**WORK REQUIRED**
Would you please return only the lines from the one with "külső méret: 161" through the last line of the records below, leaving the pictures out?

**GIVEN INFORMATION**
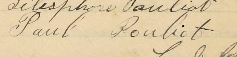 Il est aussi connu sous le nom de Paul Pouliot 1, 2, 3, 4, 5, 6, 7, 8, 9, 10, 11, 12, 13, 14, 15, 16, 17. Il est baptisé Napoléon Pouliot 18, 19. Il est le fils de Jérémie Pouliot 3, 18 et Philomène Pouliot 3, 18. Il est le filleul de Marie Philomène Marceau 18 et François Xavier Vaillancourt 18.
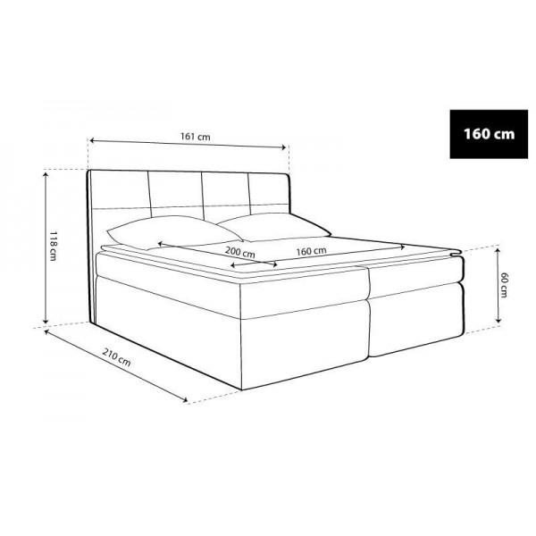 külső méret: 161 x 210 cm, fekvőfelület: 160 x 200 cm, fekvőfelület magasság: 60 cm, magasság: 118 cm, matrac vastagság: 18 cm, fedőmatrac vastagság: 5 cmSzövetek
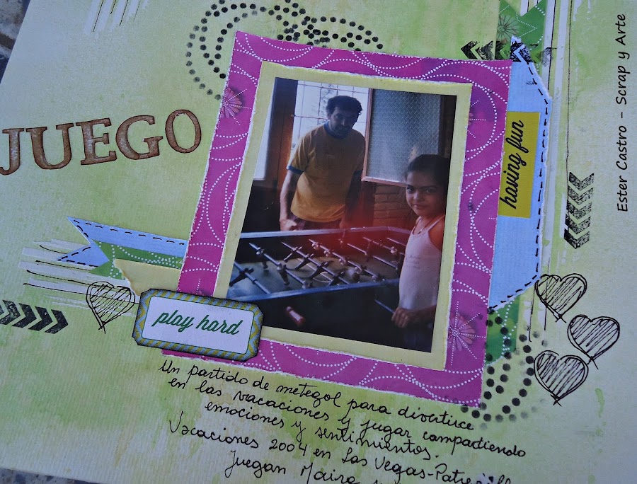 Una vez listo esto arme la composición de mi Layout pegando el mat con la foto, los banderines en los laterales y agregue corazones dibujados con el stencil, líneas y pespuntes con micofibra negra.
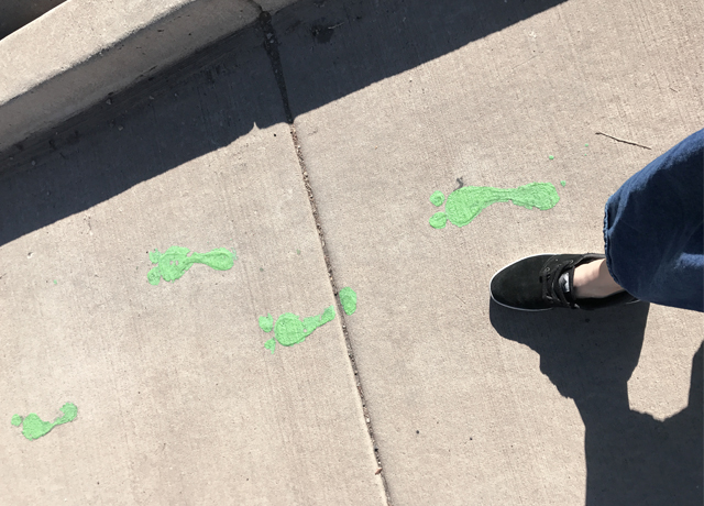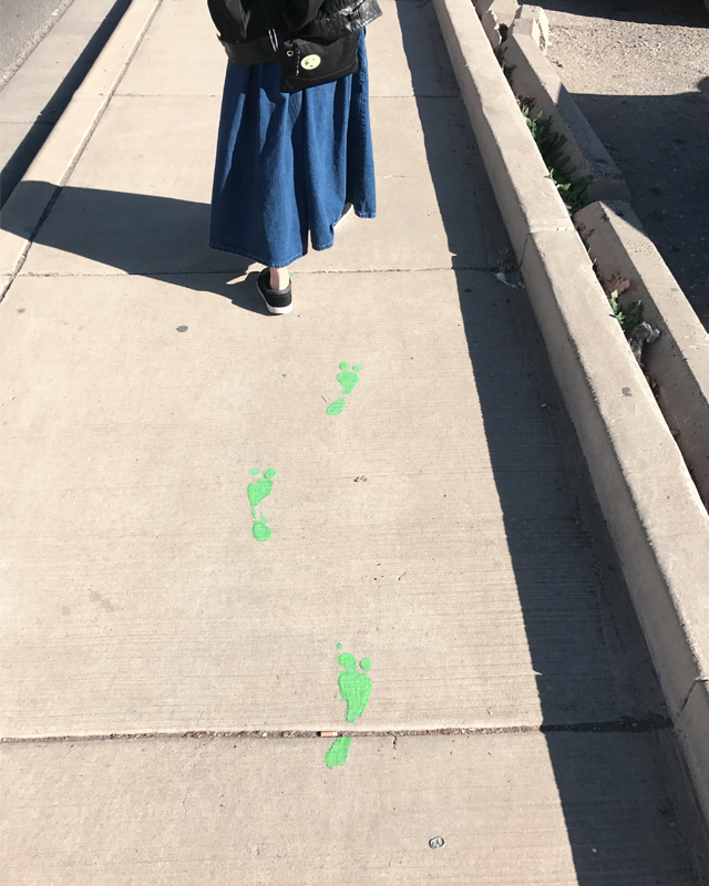 ロズウェルの街を探索していて、ふと足元を見たら宇宙人の足跡のペイントが。
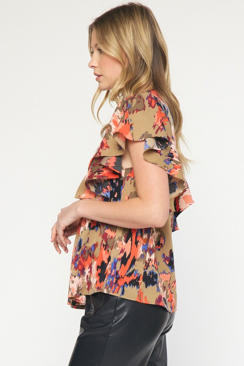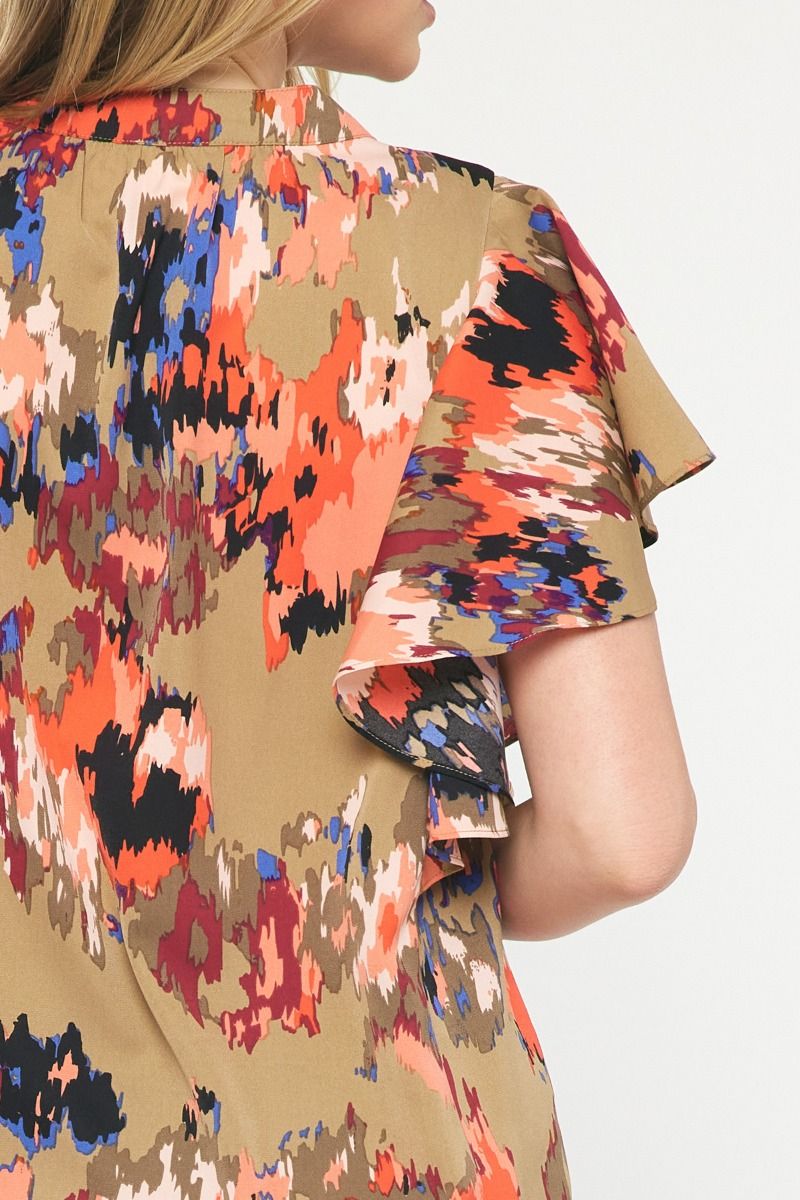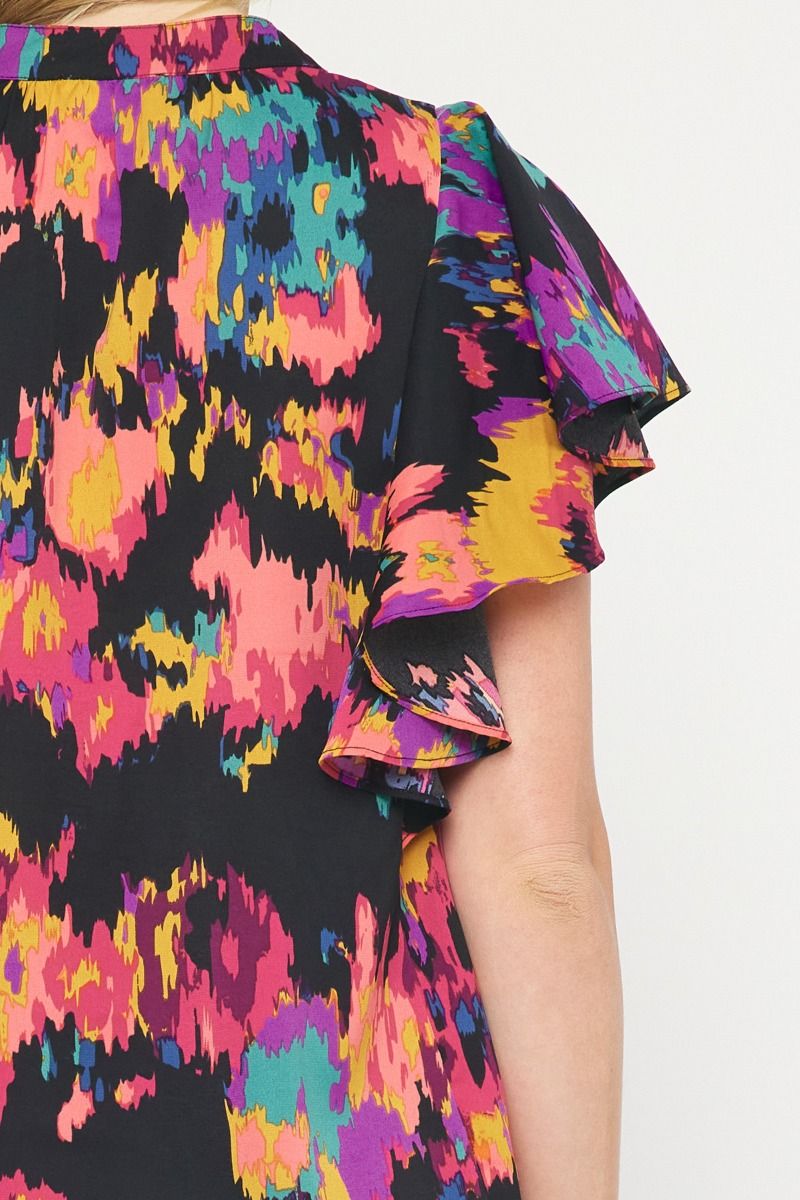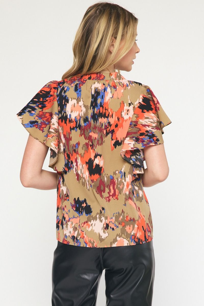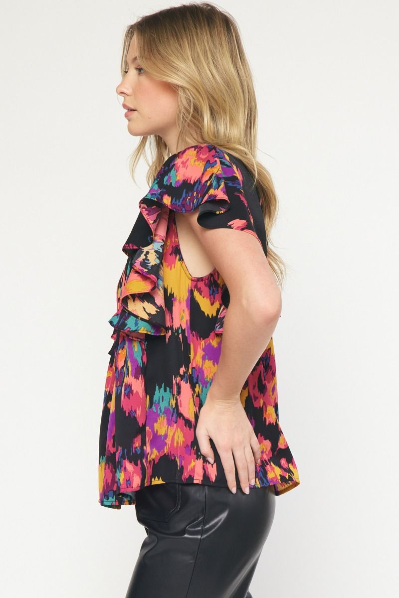 The Eye Kat Pleated Front Ruffle Sleeve Top

**ANSWER AREA**
 külső méret: 161 x 210 cm, fekvőfelület: 160 x 200 cm, fekvőfelület magasság: 60 cm, magasság: 118 cm, matrac vastagság: 18 cm, fedőmatrac vastagság: 5 cmSzövetek
 Una vez listo esto arme la composición de mi Layout pegando el mat con la foto, los banderines en los laterales y agregue corazones dibujados con el stencil, líneas y pespuntes con micofibra negra.
 ロズウェルの街を探索していて、ふと足元を見たら宇宙人の足跡のペイントが。
 The Eye Kat Pleated Front Ruffle Sleeve Top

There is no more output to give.